A correspondent forwarded this recent email from Amazon: “As someone who has purchased or rated A Child's Celebration of Folk Music, you might like to know that Save 26% at Amazon.com on Music from the Original Soundtrack and More: Woodstock is now available.” He says he purchased the folk music CD about six years ago.
I get it. Idealistic kids who were singing “We Shall Overcome” along with Pete Seeger in the early Sixties took about six years to graduate to snarling “Up against the wall, m**therf**ker” with the Jefferson Airplane. So I guess Amazon figures that 21st Century kids who enjoyed Woody Guthrie doing a silly song about cars six years ago (“Take you for a ride in my car, car”) are now ready to hear son Arlo recount his drug-smuggling exploits. (“Comin’ in to Los Angeleez, bringin’ in a couple o’ keys, Don’t touch my bags if you please, Mr. Customs Ma-a-an.”)
If the audience-development types (formerly known as magazine circulators before they allegedly became Web savvy) get hold of this idea, just think of the possible emails:
- "We see that you have allowed your subscription to Christianity Today to lapse. Perhaps you would like to make your backsliding complete with this special introductory offer to Playboy magazine.”

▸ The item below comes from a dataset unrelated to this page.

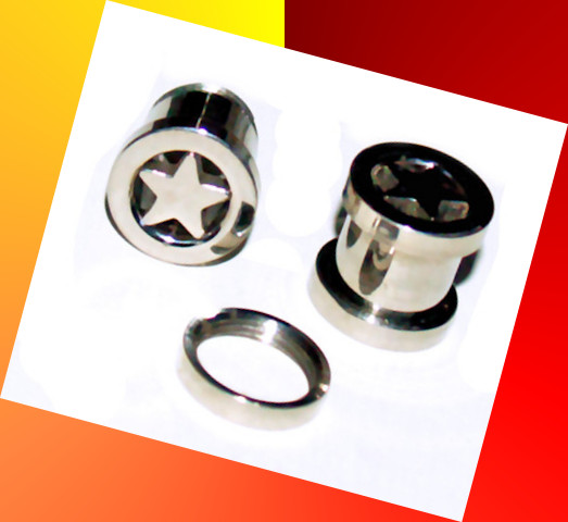 Pair Steel Star Saddle Flesh Ear Tunnel Plugs Gauges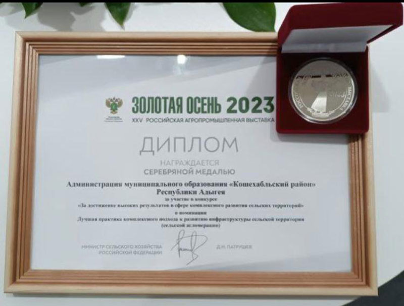 Къуаджэм хэхъоныгъэ егъэшIыгъэнымкIэ гъэхъэгъэшхохэр зэриIэхэм фэшI Кощхьэблэ районым иадминистрацие тыжьын медаль къыфагъэшъошагъ.

- “As someone who has allowed his Playboy subscription to expire after 20 years, we thought you might like to know that we’re offering a discounted subscription to Modern Maturity magazine, which comes with a $10 coupon good on your next purchase of Viagra.”
- “As a schlemiel who subscribed to all three incarnations of Radar, you might be interested in these special offers for magazines that are destined to shut down before your subscription runs out.”
- “We have found that people like you who bought the Stephen Colbert issue of Newsweek are also enjoying the special edition of Mad magazine that was written by the staff of The Atlantic Monthly.”
- “As a stockholder of a newspaper or newsprint company, we’d like to introduce you to the hot new magazine, Bankruptcy Today.”
- “As someone who’s been reading Nickelodeon magazine for the past four years, we thought you’d want to know that you are about to enter a stage of life that has, like, been abandoned by the U.S. magazine industry. Don't like it? Go txt yr frenz.”